Ok, after reading these threads about the Tawain conference, I do think
that we should let the conference go as planned.

Wayne has definitely crossed some lines and we will need much more
clarity and visibility in the future about the decision making process
over there in Taiwan. We also need much stronger guidelines from OWASP
about these issues (Justin here is an area which you could help a lot if
you have the time :)   ) 

The issue with the vendors is about balance, OWASP would not make sense
without them (not the vendors but the people hired by those vendors) and
OWASP cannot be controlled by the vendors. The key is in finding a
balance where the OWASP principles and values are respected and

Part of the vendors (and membership) guidelines must be clauses
dictating the reasons why a membership would be canceled (and membership
cancellation is something that the OWASP board should enforce summarily
(nothing like kicking a couple companies out of OWASP to make everybody
take notice)) 

Back to Wayne, following an email from Jeff, his (Wayne) responses did
show that he understands the dangers of the perception that OWASP is
controlled by a company, so lets see what happens next.

Dinis Cruz 
Chief OWASP Evangelist

On 8/25/07, Justin Derry <JDerry at b-sec.com > wrote:


I don't mind going on record. However i also don't want to be perceived
as a guy hitting people over the head. Basically i believe in OWASP and
I believe in the intent the Taiwan chapter guy has. However i also
believe that this is one of those examples where a vendor is using OWASP
to deliberately wipe out the competition he has and use OWASP as a
springboard for himself and his company. 
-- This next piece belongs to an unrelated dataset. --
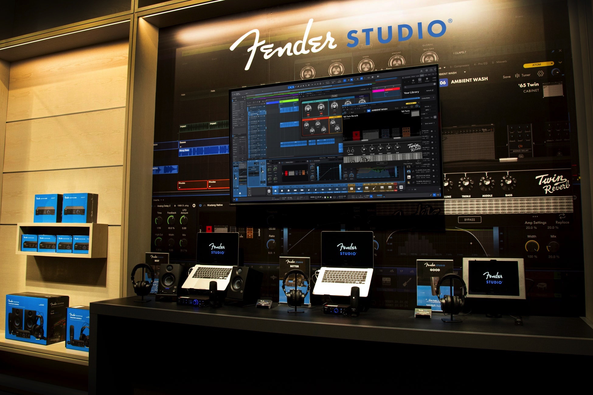東京・原宿のフェンダー旗艦店 Fender Flagship Tokyo では、今回発表された新ブランド 『Fender Studio』 のソフトウェアとハードウェアを実際に体験できる専用エリアをご用意しています。DAWソフトウェア『Fender Studio Pro』から『Fender Quantum』をはじめとしたハードウェアまで、フェンダーならではのサウンドとともに最新の音楽制作ツールをご体感ください。

(By the way my i don't know if my customer source will go on record - it
was a friendly personal phone call) but i am sure the email i have would
be ok.)


Too many people put too much effort into OWASP and i hate when i see
misuse of OWASP. As everyone knows i have long sat in the background of
OWASP for many years since 2001 and only since late 2005 have i actively
got involved and will continue to push forward like many others. However
my biggest fear with OWASP is self implosion. What i mean by this if we
have guys running around claiming that OWASP only supports certain
vendors etc then sooner rather then later OWASP will die out simply
because no one will trust it as an independant and authoritive source of
application security. 


I don't think making an example of the Taiwan guy will work, but i do
think we need to stop it, and i also think we need to seriously look at
the rules of vendors out there sponsorsing and getting involved in


With Taiwan i am a little supprised that he has taken it to an extent of
registering domains etc. I was offered to speak at this conference and
advised i couldn't and put forward Brian Chess (Fortify) (this was at a
time when i didn't know wayne was from Amorize) and i happen to know
brian and also knew he was already going to be in taiwan around the time
and i received a simple email saying we wouldn't invite him as he is a
competitior. (I'll send you the email if you don't already have it). 


The things i like about Wayne (Taiwan) is he is keen, pulls the numbers
and overall i think is a nice guy. However i also think there is a small
hidden agenda that he has to use OWASP to further Amorize. Don't have a
problem with vendors using OWASP as an Industry standard, hey thats what
it's there for within reason, but it needs to be done in a controlled,
managed, neutral and appropriate manner. 


I have always said that i am willing to take on a more supporting role
in OWASP (with Asia or whatever) and now due to my role within our
consuting firm, i have also tasked every other consultant in my team (8
of them) with minimum 4 hours a week on OWASP related activities. ( i.e
Malathi is going to help AJV with the V3 guide etc). But i don't want to
see other people abuse the system, and it seems to mainly be some


Maybe we look at drawing up some guidelines for Vendors that are very
specific.? Maybe also we work on some guidelines and rules for any type
of mini or large conference that may involve vendors. Lets be realistic
i don't think we are going to get rid of vendors, they have the $$ and
help with the project, however having some guidelines would be good.
(The chapter rules are pretty basic).. Also maybe some way to enforce
them? and a clause if you breach the guidelines you are immediately
removed as a corporate member? I don't know that's all a quick brain


Anyhow Super keen to help out wherever anyone wants.. If i am completely
out of turn than someone throw a brick at me.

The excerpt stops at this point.